Jika potensi itu dikelola dengan baik, nilai ekonominya bisa mencapai Rp300 triliun per tahun, berkontribusi signifikan terhadap pertumbuhan industri kesehatan dan farmasi nasional.

“Potensi pengembangan obat asli Indonesia sangat besar, hingga mencapai Rp300 triliun. Dengan kerja sama yang lebih erat, kita bisa memastikan bahan baku yang aman, berkualitas, dan terstandarisasi sehingga dapat dimanfaatkan secara luas oleh industri farmasi,” jelas Taruna.

Baca juga: PNM dan BPOM Berkolaborasi Dukung UMKM Pangan Miliki Sertifikasi

Ia juga menegaskan penelitian dan pengembangan (R&D) dalam sektor farmasi berbasis bahan alam sangat bergantung pada sumber daya pertanian yang berada di bawah kewenangan Kementan. 

Oleh karena itu, pengembangan konsep apotek hidup akan terus disinkronkan dengan program Kementan guna memastikan pemanfaatan bahan baku alami secara optimal.

Menurut Taruna, sinergi antara Kementan dan BPOM tidak hanya bertujuan meningkatkan industri obat herbal, tetapi juga mendukung program nasional terkait swasembada pangan. 

Dengan memastikan keamanan dan kesehatan dari produk pertanian yang digunakan dalam pangan dan obat-obatan, BPOM berkomitmen untuk terus mengembangkan regulasi dan pengawasan guna melindungi masyarakat.

“Kami berkomitmen untuk melakukan pengembangan obat-obatan berbasis bahan alam dan mendukung program pangan aman yang menjadi bagian dari kebijakan Presiden dalam mencapai swasembada pangan.
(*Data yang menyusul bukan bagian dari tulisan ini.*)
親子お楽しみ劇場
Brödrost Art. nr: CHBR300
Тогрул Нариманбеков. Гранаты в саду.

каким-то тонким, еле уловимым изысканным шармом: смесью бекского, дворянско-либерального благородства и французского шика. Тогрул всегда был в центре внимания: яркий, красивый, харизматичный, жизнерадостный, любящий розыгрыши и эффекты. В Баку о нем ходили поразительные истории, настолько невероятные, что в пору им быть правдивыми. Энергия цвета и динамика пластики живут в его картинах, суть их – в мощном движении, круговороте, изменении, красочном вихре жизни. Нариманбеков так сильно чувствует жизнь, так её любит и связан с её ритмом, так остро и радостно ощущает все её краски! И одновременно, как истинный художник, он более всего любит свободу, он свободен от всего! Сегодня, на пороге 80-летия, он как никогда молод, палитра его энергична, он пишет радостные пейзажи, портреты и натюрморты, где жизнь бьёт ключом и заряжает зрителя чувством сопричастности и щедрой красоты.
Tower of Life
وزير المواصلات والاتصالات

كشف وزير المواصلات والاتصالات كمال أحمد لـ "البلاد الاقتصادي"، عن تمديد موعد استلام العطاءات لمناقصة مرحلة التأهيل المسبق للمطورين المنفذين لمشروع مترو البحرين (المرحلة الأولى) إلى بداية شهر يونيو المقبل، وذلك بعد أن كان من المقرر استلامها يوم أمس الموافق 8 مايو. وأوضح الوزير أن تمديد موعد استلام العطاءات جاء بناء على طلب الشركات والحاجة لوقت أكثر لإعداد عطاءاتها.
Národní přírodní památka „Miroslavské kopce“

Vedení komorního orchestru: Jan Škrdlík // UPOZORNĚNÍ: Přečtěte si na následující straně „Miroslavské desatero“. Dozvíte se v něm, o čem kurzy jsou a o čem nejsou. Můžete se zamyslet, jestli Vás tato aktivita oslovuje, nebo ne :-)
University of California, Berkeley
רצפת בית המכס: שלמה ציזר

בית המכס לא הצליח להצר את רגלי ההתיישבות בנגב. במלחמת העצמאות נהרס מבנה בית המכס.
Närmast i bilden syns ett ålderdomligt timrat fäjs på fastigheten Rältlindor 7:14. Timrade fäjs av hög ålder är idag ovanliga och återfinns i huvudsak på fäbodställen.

Keamanan dan kesehatan produk yang dikonsumsi masyarakat adalah prioritas utama kami,” tegasnya.

Dalam MoU yang ditandatangani itu, sambungnya, terdapat beberapa poin tujuan yakni meningkatkan keamanan, mutu, gizi, dan daya saing pangan yang berasal dari produk pertanian.

“Selain itu, MoU ini bertujuan untuk memperkuat integritas peredaran bahan obat dan obat, termasuk pengendalian resistensi antimikroba di sektor kesehatan manusia dan hewan,” ungkapnya.

Dengan adanya kerja sama tersebut, sambung Taruna, BPOM dan Kementan optimistis dapat meningkatkan efektivitas pengawasan obat dan makanan, memperkuat perlindungan kesehatan masyarakat, serta mendorong daya saing produk pertanian dan farmasi Indonesia di pasar internasional.

Kepala BPOM juga menyampaikan apresiasi kepada Mentan Amran atas terjalinnya kerja sama ini dan berharap kolaborasi strategis antara BPOM dan Kementan dapat terus berkembang. 

“Dengan langkah ini, diharapkan industri obat berbasis bahan alam bisa semakin maju, membuka peluang ekonomi baru, serta menjadikan Indonesia sebagai pemain utama dalam sektor farmasi berbasis herbal di tingkat internasional,” tutupnya. (SG-1).